Home

Awesome

Re3: Generating Longer Stories With Recursive Reprompting and Revision

This repo contains code for Re3: Generating Longer Stories With Recursive Reprompting and Revision (https://arxiv.org/abs/2210.06774) by Kevin Yang, Yuandong Tian, Nanyun Peng, and Dan Klein, to appear at EMNLP 2022. In this codebase we provide instructions for automatically generating stories of 2000+ words (or even much longer), as well as reproducing all of our baselines/ablations/analyses from the paper. We hope that this work can be useful for future research on automatic long story generation.

UPDATE 12/20/22: Check out our newer/better system at https://github.com/yangkevin2/doc-story-generation !

Quick Start with Notebook

See notebooks/re3.ipynb (thanks @jagilley for contributing this!) for a notebook with installation commands + a default story generation command. More detailed instructions below.

Installation / Data

Install Python 3.8.13 and PyTorch 1.12.1 (other versions are probably also fine for both), then install the remaining requirements via pip install -r requirements.txt. Additionally install this repo with pip install -e ..

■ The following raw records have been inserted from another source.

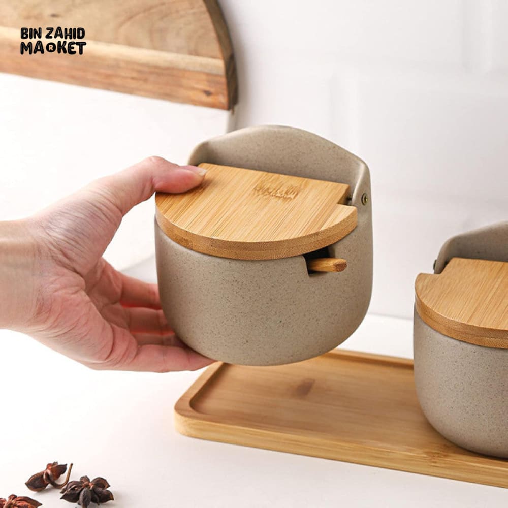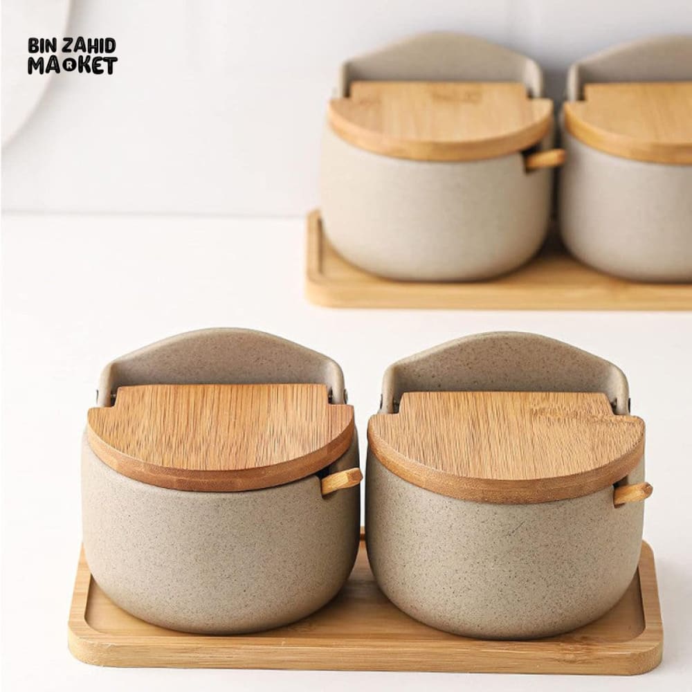 JAPANESE STYLE CERAMIC SPICE JAR SET – 2PIECE WITH WOODEN LIDS, SPOONS & TRAY
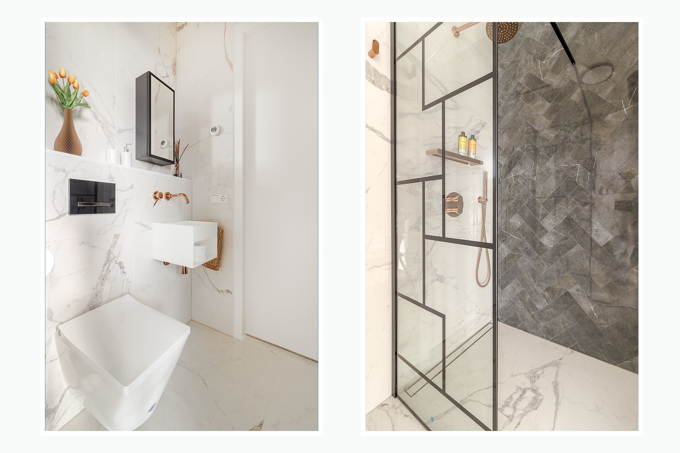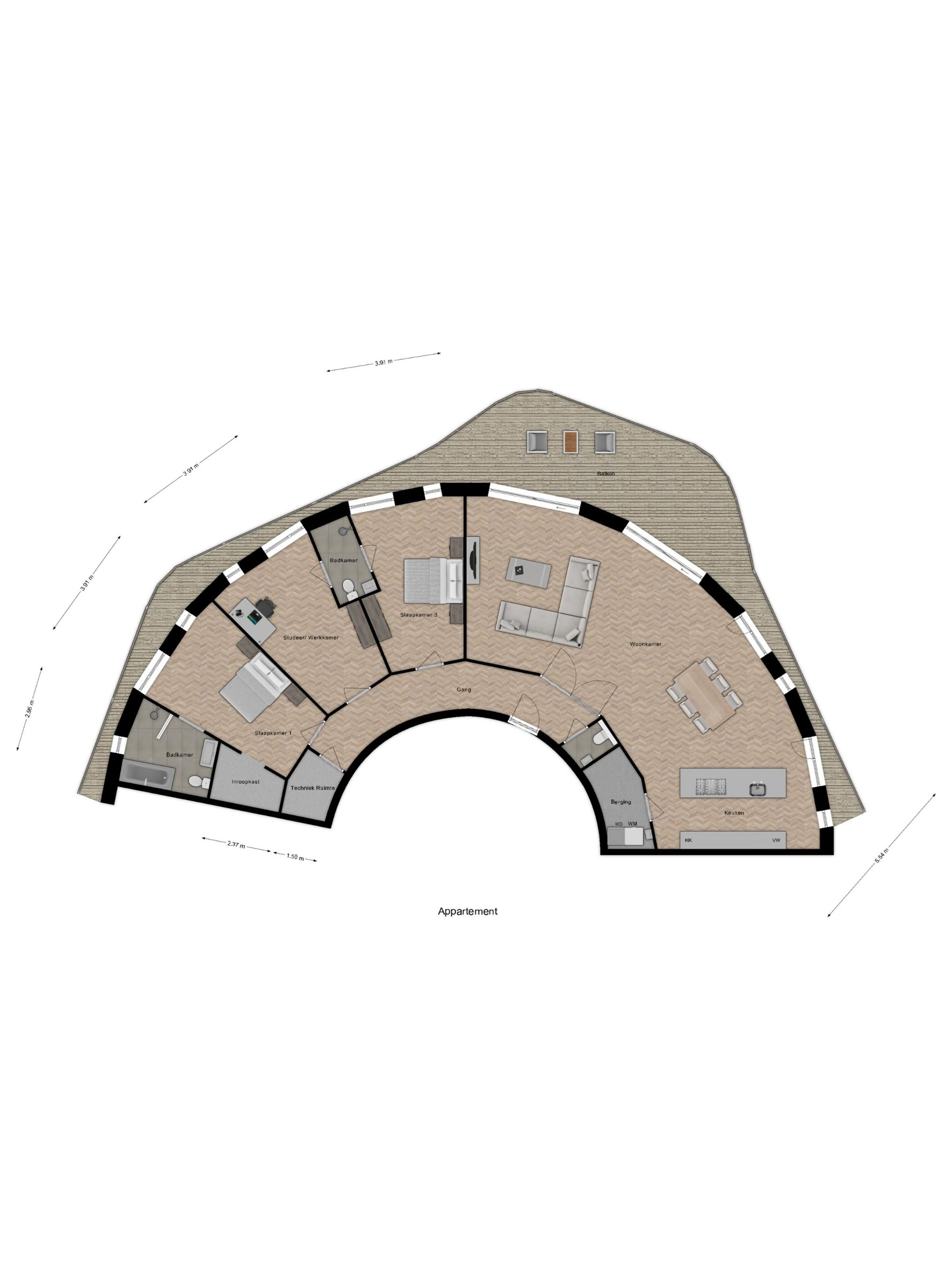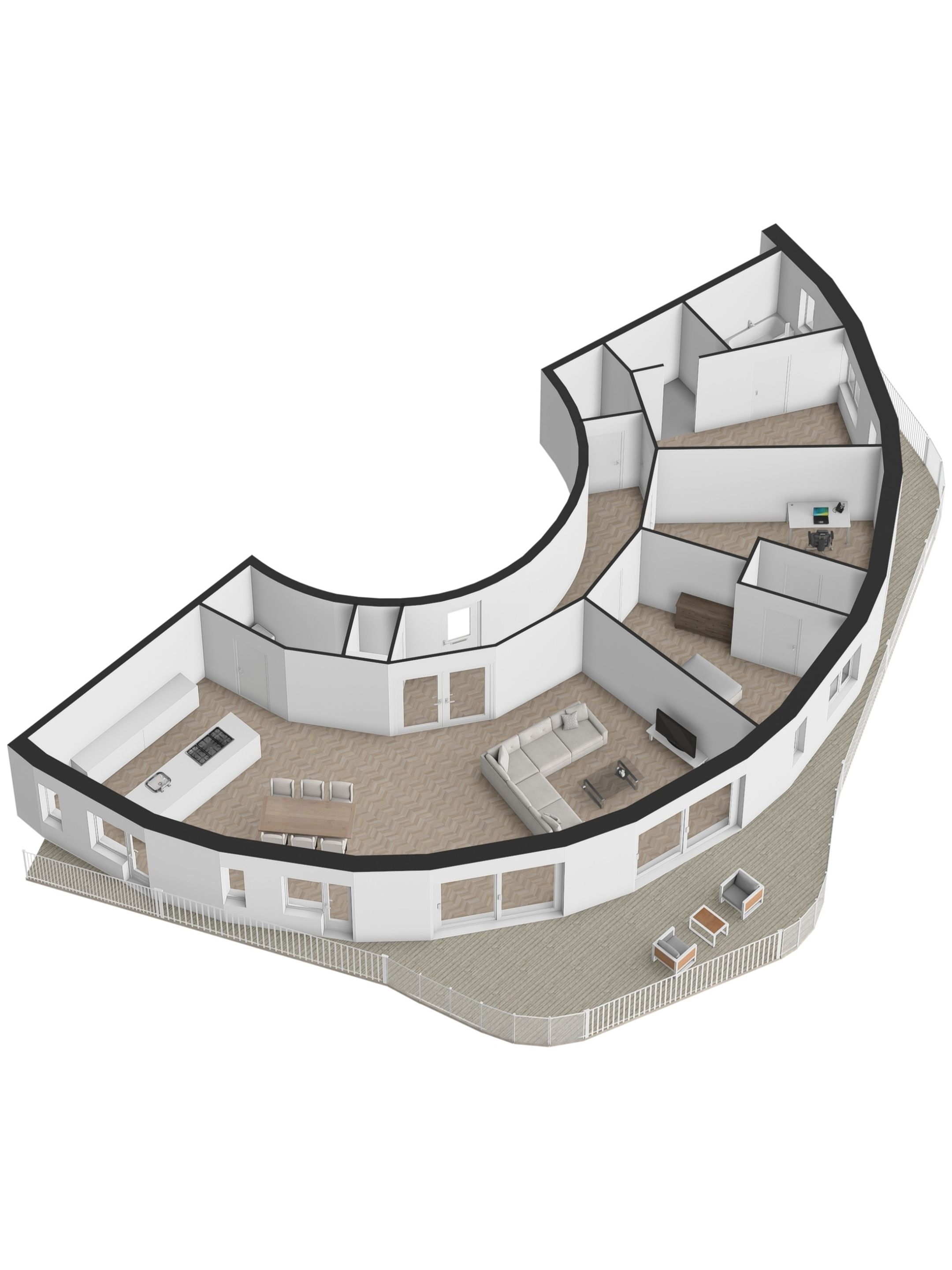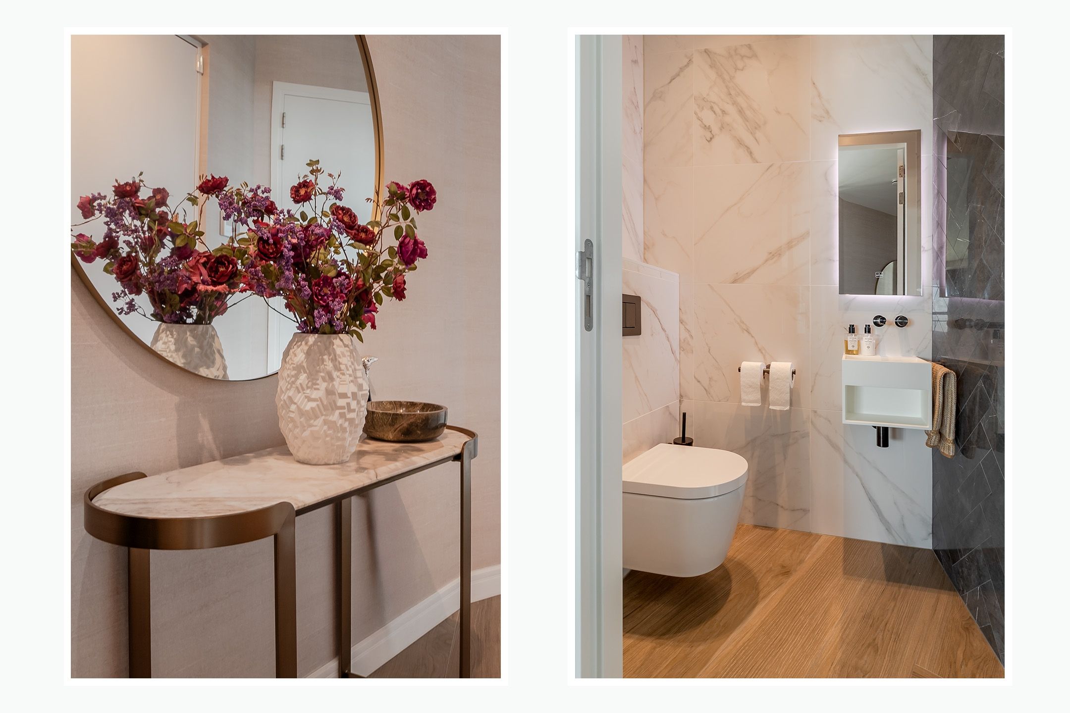 Eenmaal binnen stap je in de halfronde centrale hal, die toegang geeft tot alle ruimtes. Wat meteen opvalt: de strakke afwerking, vloerverwarming (koelen en verwarmen gemiddeld ca. 12 graden verschil in de zomer) door het hele appartement en een warme houtlook tegelvloer.
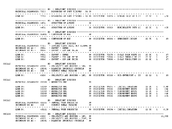 Small Group Exercises (Part 1 of a 2 Part Exercise) • What ‘information’ can health insurance data provide? • Name 2 major strengths and weaknesses of claims data as a management tool. • Poof: You’re a Blue Cross Blue Shield CIO. – You have $50 M to spend to upgrade your claims system. – It costs $1 M per text/character to enhance your data. – What data fields would you add? – Are there any data fields you would consider deleting or optimizing?
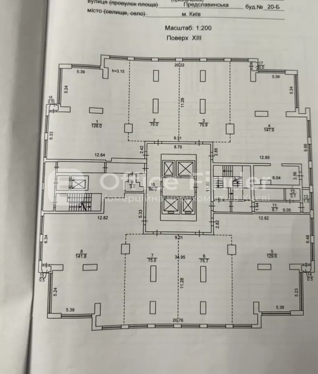 - 12–13 поверхи, друга вежа (офісна частина)
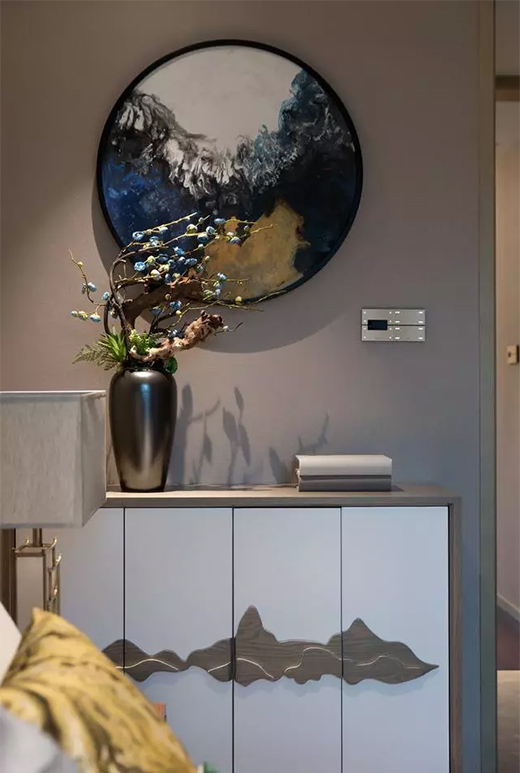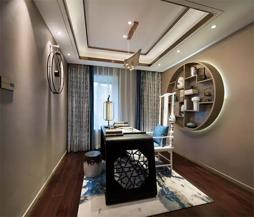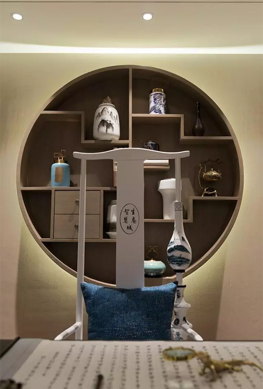 藍黑水墨渲染的地毯,給書房空間增添幾許靜謐的氛圍,于書卷文物中品味禪意和淡然。窗簾運用傳統山水圖案掛簾,呼應主題,作為室內外空間的一個延伸。圓形實木置物區鑲嵌于背景墻面,若即若離,間隙中透出光暈,有日出日落的寓意。文物古董的收藏擺放有序,透露出主人深厚的文化修養。
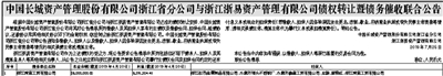 中国信达资产管理股份有限公司浙江省分公司 与浙江台信资产管理有限公司债权转让通知暨债务催收联合公告
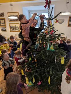Die Kinder bringen jedes Jahr kleine selbstgebastelte Anhänger mit und schmücken mit diesen und auch mit dem Baumschmuck aus dem letzten Jahr gemeinsam den Weihnachtsbaum.
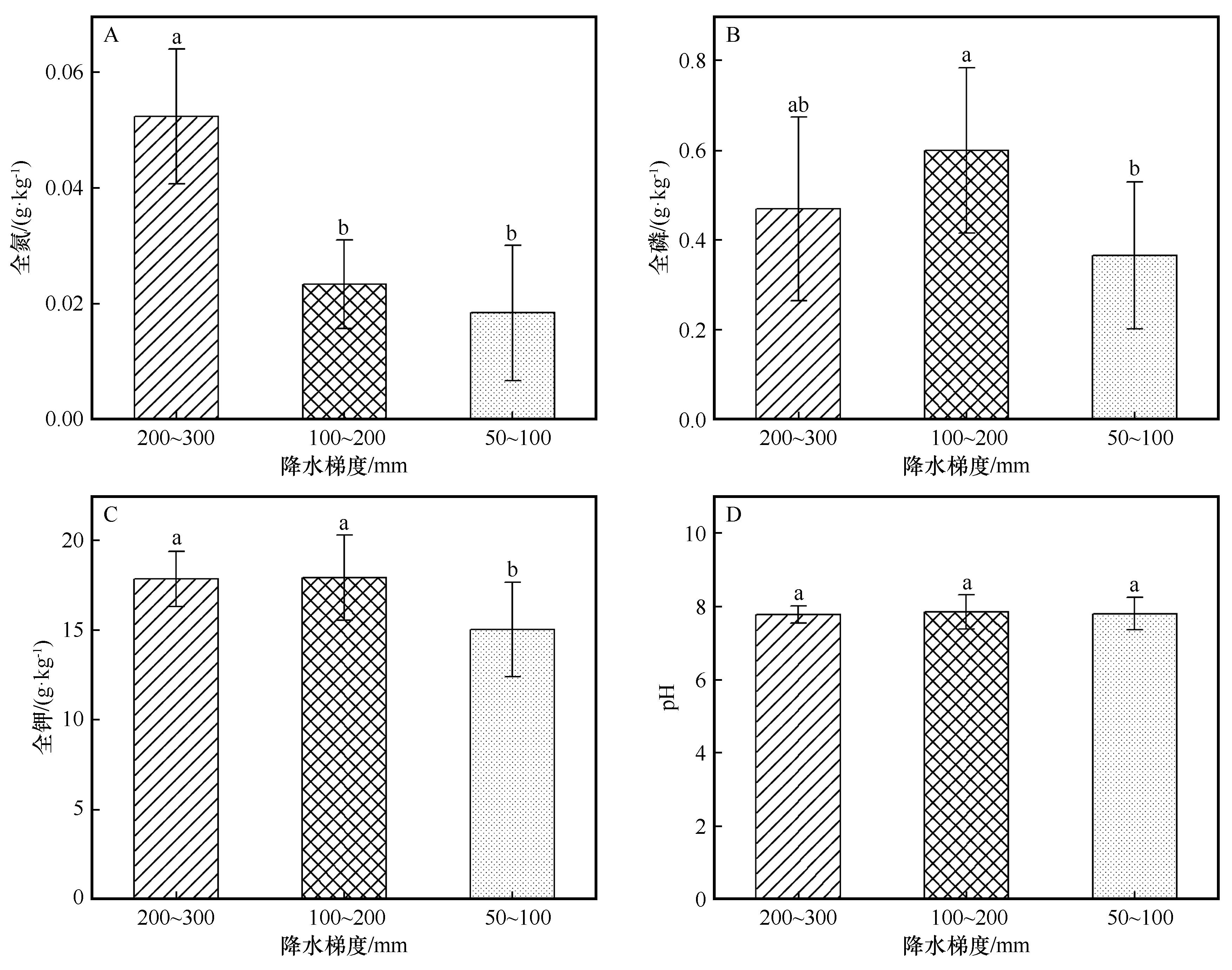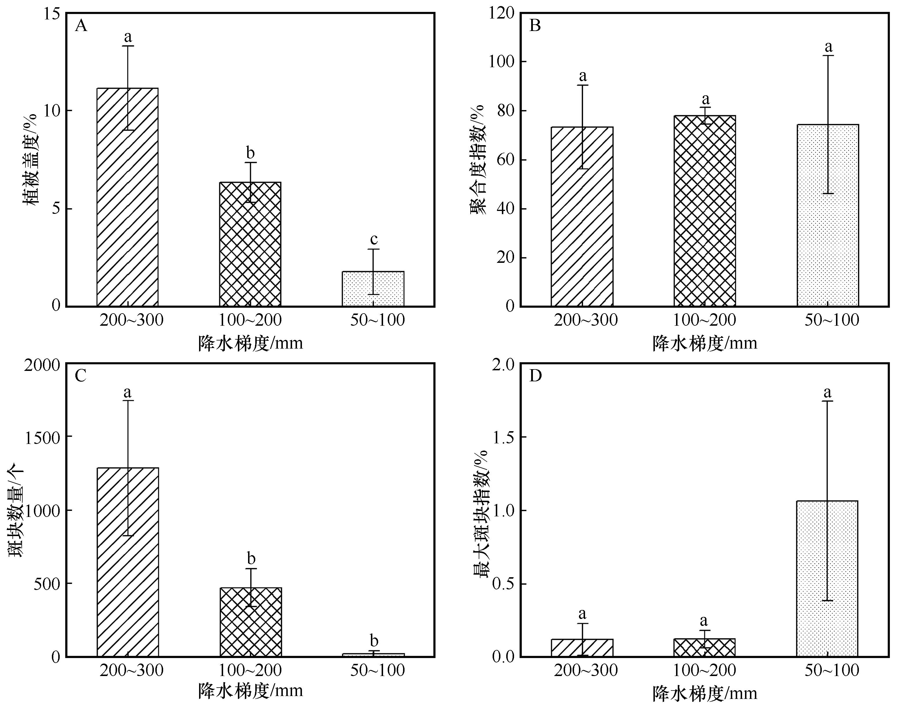 Precipitation is a key factor governing the spatial differentiation of vegetation and plant community dynamics in arid regions. This study was conducted in the Qaidam Basin, where typical desert sites along three mean annual precipitation gradients (200-300 mm, 100-200 mm, and 50-100 mm) were selected to investigate plant community composition, spatial patterns, and soil physicochemical properties, and to explore their relationships with precipitation. Vegetation composition and spatial structure were quantified through field quadrat surveys combined with UAV-based imagery, and their associations with environmental factors were examined using diversity indices, landscape metrics, Mantel tests, and correlation analyses. The results showed that, with decreasing precipitation, the proportion of herbaceous species declined markedly, and plant communities in the 50-100 mm precipitation zone became dominated by a single shrub life form. The Shannon-Wiener diversity index was significantly higher in the 200-300 mm zone (1.14±0.32) than in the 100-200 mm (0.93±0.74) and 50-100 mm (0.36±0.40) zones, whereas Evenness and Margalef richness indices did not differ significantly among precipitation gradients (P>0.05). Vegetation cover decreased significantly with declining precipitation, with mean values of 11.15%, 6.37%, and 1.81% for the three gradients, respectively, accompanied by a shift in spatial pattern from relatively continuous to sparse and fragmented. Soil nutrient levels were generally low and showed no significant differences among precipitation zones. Total nitrogen in the 0-20 cm soil layer was highest in the 200-300 mm zone (0.05 g·kg⁻¹), while total phosphorus and total potassium reached their highest values in the 100-200 mm zone (0.60 and 17.97 g·kg⁻¹, respectively). Soil pH ranged from 7.05 to 8.26 across all sites. Mantel analysis indicated that vegetation metrics were significantly correlated with environmental factors as a whole (P<0.01), with groundwater depth showing the strongest association, whereas overall correlations between soil properties and vegetation indicators were not significant (P>0.05). These results demonstrate that vegetation composition and spatial patterns in the Qaidam Basin deserts are primarily controlled by water availability, while the influence of soil nutrients is relatively weak. The findings provide a scientific basis for vegetation restoration and ecological management in high-altitude arid desert regions.
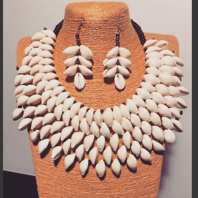 Parure ensemble collier 5 tours et boucles d'oreilles en Cauris fait main fabriqué artisanalement au Bénin.
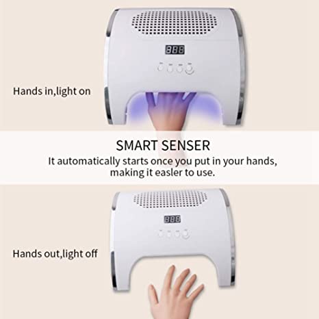 - EASY TO OPERATE -- With infrared sensor function, it automatically starts once you put your hands in it, making it easier to use. Timing function, 10s, 30s, 60s and 99s for choosing, meet your different needs. Simply placing hands beside the windthroat holes, and meanwhile applying the nail art care.
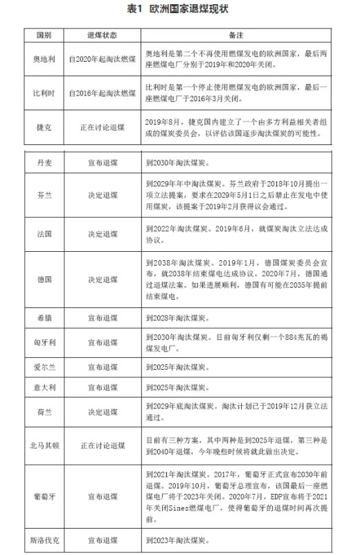 為了落實《巴黎協定》中的溫室氣體減排目標,歐洲各國政府陸續(xù)公布了淘汰煤炭的時間表(見表1)。第一個結束燃煤使用歷史的歐洲國家為比利時,該國于2016年停止使用煤炭。2020年,奧地利和瑞典相繼關停各自國內最后一座燃煤電廠,正式結束燃煤發(fā)電歷史。
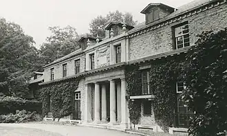 Camp-Woods, is a historic estate with associated buildings located at Villanova, Delaware County, Pennsylvania and built on a 400 ft (120 m) high spot which had been a 200-man outpost of George Washington's Army during the Valley Forge winter of 1777–78.[2] The house, built between 1910 and 1912 for banker James M. Willcox, is a two-story, brick and limestone, F-shaped house in an Italianate-Georgian style. It measures 160 ft (49 m) in length and 32 ft (9.8 m) deep at the "waist." It has a slate roof, Doric order limestone cornice, open loggia porches, and a covered entrance porch supported by Doric order columns. The house was designed by architect Howard Van Doren Shaw (1869-1926). The property includes formal gardens.[3] Its former carriage house is no longer part of the main estate. The original tennis court is now also a separate property named "Outpost Hill". The Revolutionary encampment is marked by a flagpole in a circular stone monument at the north-western edge of the property. The inscription reads, "An outpost of George Washington's Army encamped here thro the winter of Valley Forge 1777-1778".

Also run export OPENAI_API_KEY=$YOUR_API_KEY in your terminal so that the code can call the GPT3 API with your key.

Meanwhile, run wget https://emnlp22-re3-data.s3.amazonaws.com/emnlp22_re3_data.zip and unzip the folder. This folder contains some pretrained reranker ckpts as well as all of the data we used in all components/analyses. It also contains the final generated stories and MTurk annotation results from our main experiments (note: some generated stories may contain sensitive/NSFW content, since we didn't attempt to filter these).

Main Story Generation

Main story generation command matching the settings used for our main paper experiments:

mkdir output
CUDA_VISIBLE_DEVICES=0 python -u scripts/main.py --summarizer gpt3_summarizer --controller longformer_classifier longformer_classifier --loader alignment coherence --controller-load-dir emnlp22_re3_data/ckpt/relevance_reranker emnlp22_re3_data/ckpt/coherence_reranker --controller-model-string allenai/longformer-base-4096 allenai/longformer-base-4096 --save-outline-file output/outline0.pkl --save-complete-file output/complete_story0.pkl --log-file output/story0.log

Don't worry if you see some errors being printed, as long as the program doesn't terminate early. (For example, it may need multiple tries in some parts of the initial plan generation.)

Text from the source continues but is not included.